Pictures are to be left out; every line from the one with "本款别墅整体为欧式风格,温馨" through the end of the data must be transcribed exactly.

→ The data
------

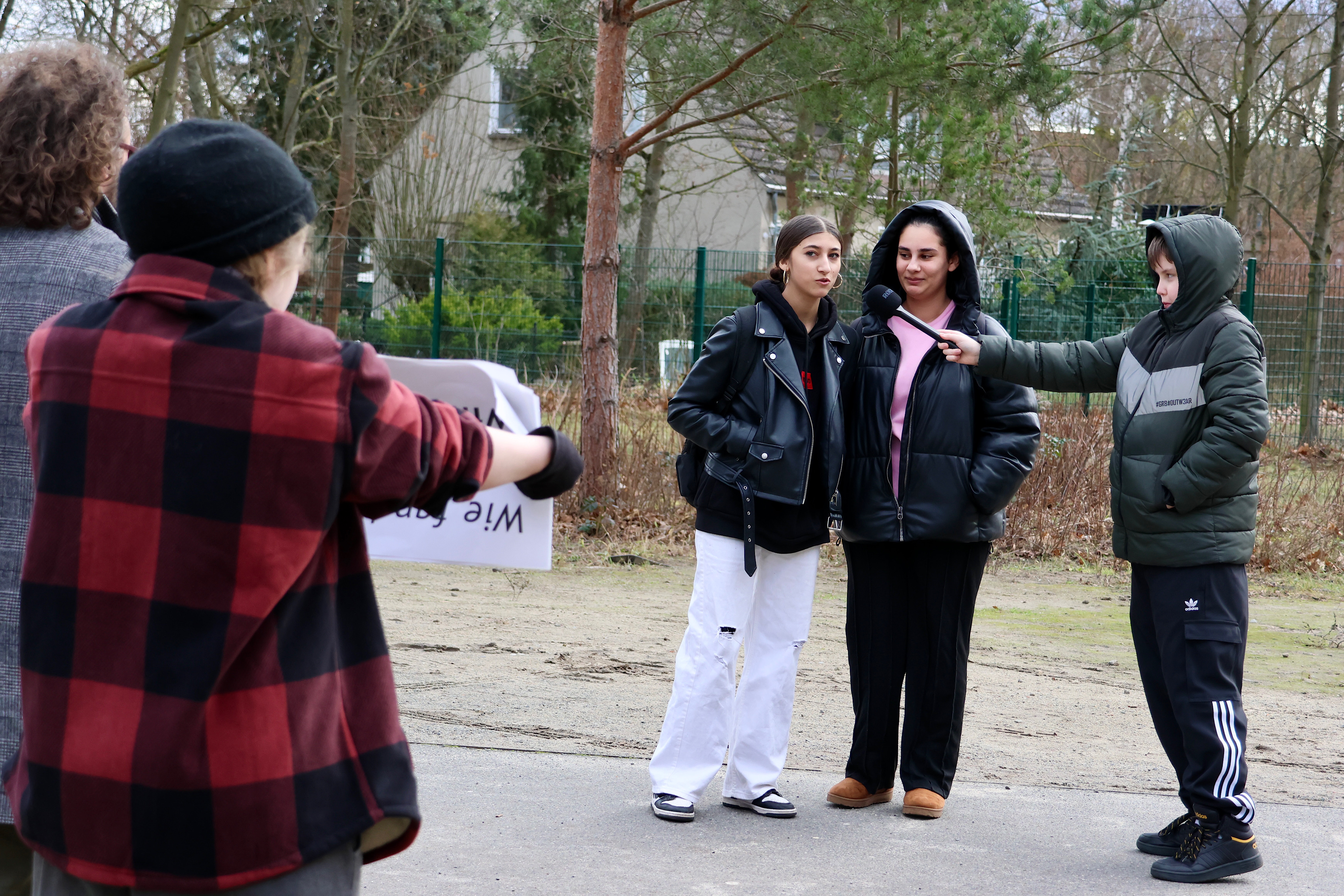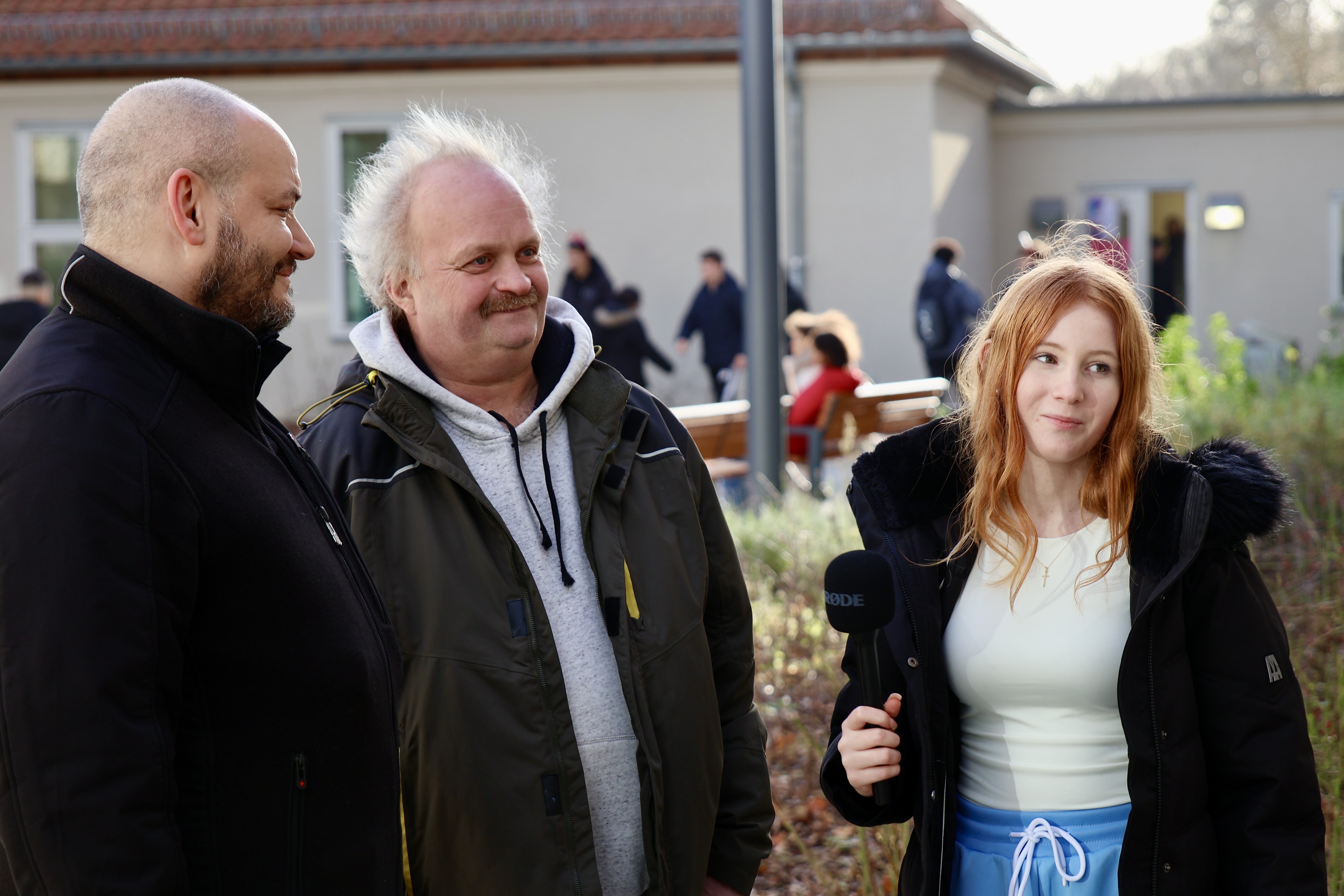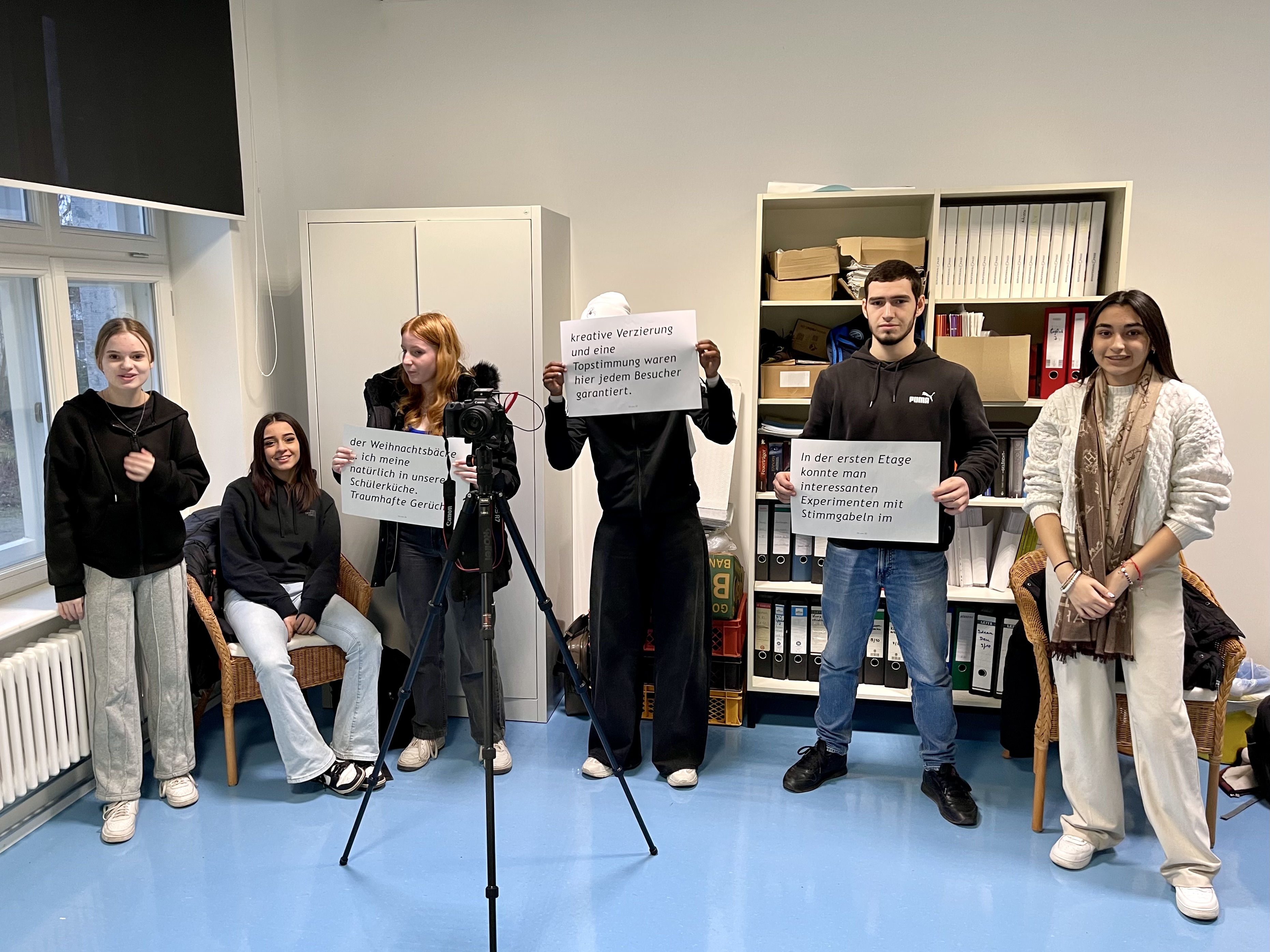 Kurz darauf traf unsere erste Bestellung ein: neue Mikrofone. Sofort nutzten wir die Gelegenheit, um unsere neuen Schulsozialarbeiter in der Aula ausführlich zu interviewen und das Gespräch videografisch festzuhalten. Die Mikrofone erwiesen sich als perfekte Ergänzung und verwandelten das schulische Setting in ein kleines, professionelles Studio. Unsere Nachwuchsreporter konnten direkt in ihre Rolle als echte Journalistinnen und Journalisten schlüpfen.
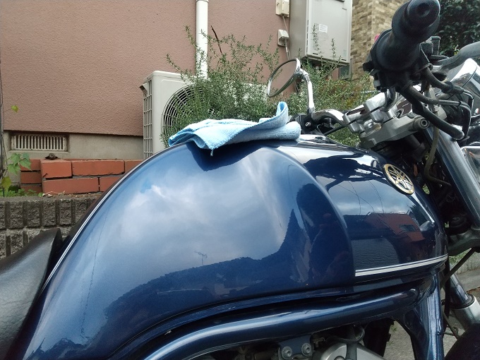 27年前のバイクなのでピカピカにはなりませんが、お空が映るレベルにはなりました。
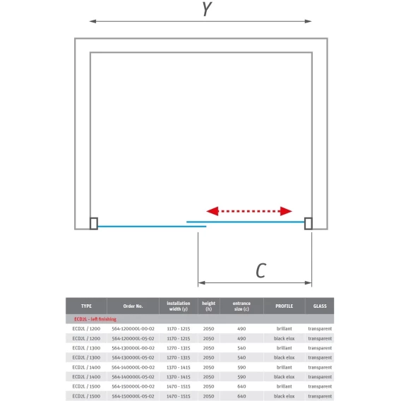 Душевая дверь Roltechnik Exclusive ECD2L/1300 564-130000L-05-02 прозрачное
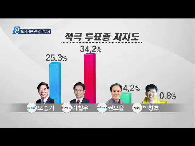 ◀ANC▶ 이렇게 TK 민심이 예전과 확연히 달라진 것으로 나타나고 있는데, 그렇다면 4명의 후보가 출마한 경북도지사 선거 판세는 어떨까요? 계속해서 이태우 기자입니다. ◀END▶ ◀VCR▶ 경북도지사 선거는 경북을 텃밭으로 보는 한국당이 역시 강세로 나타났습니다. 더불어민주당 오중기 후보가 21.8%를 기록한 가운...
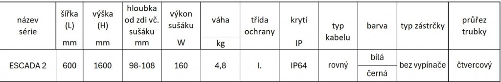 Elektrický sušák ručníků ESCADA 2 je moderní a prostorově úsporné řešení s hloubkou pouhých 10 cm. Nabízí možnost montáže na zeď nebo opření o zeď s fixací horními úchyty. Je vyroben z čtvercových profilů a v bílé i černé variantě má barevně sladěné všechny detaily včetně kabelu a zástrčky. Lze jej doplnit o poličku nebo věšák na ručníky.Elektrický sušák ručníků ESCADA 2 je ideálním řešením pro moderní interiéry. Díky hloubce pouhých 10 cm působí subtilně a elegantně i v menších koupelnách. V bílé i černé variantě je barevně sladěn do posledního detailu – nejen trubky a uchycení, ale také napájecí kabel a elektrická zástrčka. Elektrický sušák udržuje přes den ručníky, utěrky a osušky svěží. Jeho užitné vlastnosti vyniknou zejména v době mimo topné sezóny. Konstrukce sušáku umožňuje jeho stálé zapojení do sítě. Zahřátí na užitnou teplotu trvá cca 15 minut. Povrchová provozní teplota je cca 45°C. Dvojitá izolace, odolnost proti tryskající vodě - krytí IP 64. U každého modelu Escada Electro je spínač zabudován v zadní části trubky kolem horní části sušáku. Není tedy vidět zepředu ani z boku. Nízká spotřeba el. energie. Uvnitř sušáku je pouze odporový drát, tudíž není třeba ho napouštět žádnou plnící tekutinou. Sušák lze instalovat dvěma způsoby: připevnit na zeď jako závěsný model, opřít o zeď a zajistit horními úchyty. Rozměrové varianty: 600 × 1600 mm, 160W Materiál: provedení boční ocelová trubka o rozměrech 30x30 mm, středová 20x20 mm - hranaté trubky povrchová ochrana je provedena práškovou barvou za horka (komaxit) Barevné provedení: C31 černá matná C34 bílá matná ZÁRUKA 15 LET
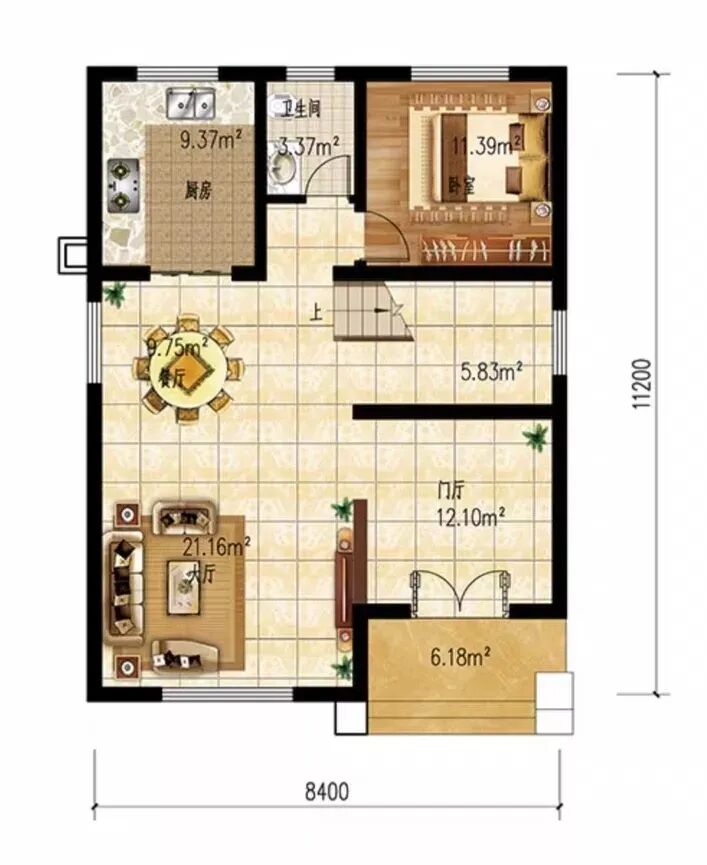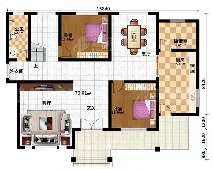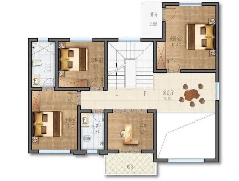本款别墅整体为欧式风格,温馨舒适、造型丰富。复古红色瓦片配合深色文化石,视觉冲击感更强,看上去色彩更丰富。
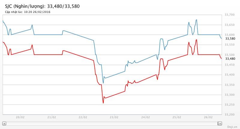 Tương tự, tại Doji, giá vàng miếng SJC cũng được Tập đoàn điều chỉnh giảm 20 nghìn đồng mỗi lượng xuống yết ở 33,48 – 33,58 triệu đồng/lượng (MV-BR) đối với giao dịch lẻ; và đắt hơn 10 nghìn đồng chiều mua, đồng thời rẻ hơn 10 nghìn đồng chiều bán đối với giao dịch buôn ở thị trường Hà Nội. Hiện, doãng chênh lệch 2 chiều mua-bán ở Doji vẫn là 100 nghìn đồng/lượng.
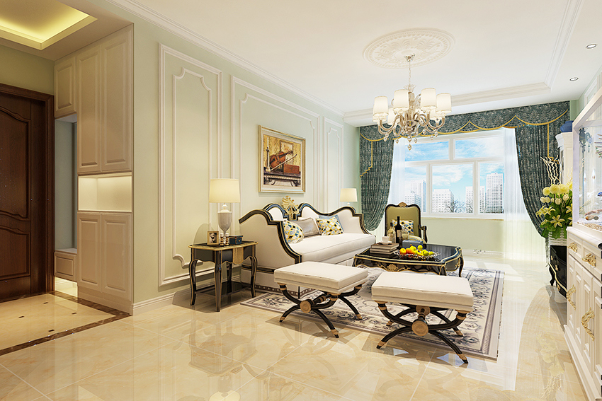 典型的欧式古典风格,以华丽的装饰、浓烈的色彩、精美的造型达到雍容华贵的装饰效果。欧式客厅顶部喜用大型灯池,并用华丽的枝形吊灯营造气氛。门窗上半部多做成圆弧形,并用带有花纹的石膏线勾边。室内有真正的壁炉或假的壁炉造型。墙面用高档壁纸,或优质乳胶漆,以烘托豪华效果。

------

→ Reply to the exercise
本款别墅整体为欧式风格,温馨舒适、造型丰富。复古红色瓦片配合深色文化石,视觉冲击感更强,看上去色彩更丰富。
 Tương tự, tại Doji, giá vàng miếng SJC cũng được Tập đoàn điều chỉnh giảm 20 nghìn đồng mỗi lượng xuống yết ở 33,48 – 33,58 triệu đồng/lượng (MV-BR) đối với giao dịch lẻ; và đắt hơn 10 nghìn đồng chiều mua, đồng thời rẻ hơn 10 nghìn đồng chiều bán đối với giao dịch buôn ở thị trường Hà Nội. Hiện, doãng chênh lệch 2 chiều mua-bán ở Doji vẫn là 100 nghìn đồng/lượng.
 典型的欧式古典风格,以华丽的装饰、浓烈的色彩、精美的造型达到雍容华贵的装饰效果。欧式客厅顶部喜用大型灯池,并用华丽的枝形吊灯营造气氛。门窗上半部多做成圆弧形,并用带有花纹的石膏线勾边。室内有真正的壁炉或假的壁炉造型。墙面用高档壁纸,或优质乳胶漆,以烘托豪华效果。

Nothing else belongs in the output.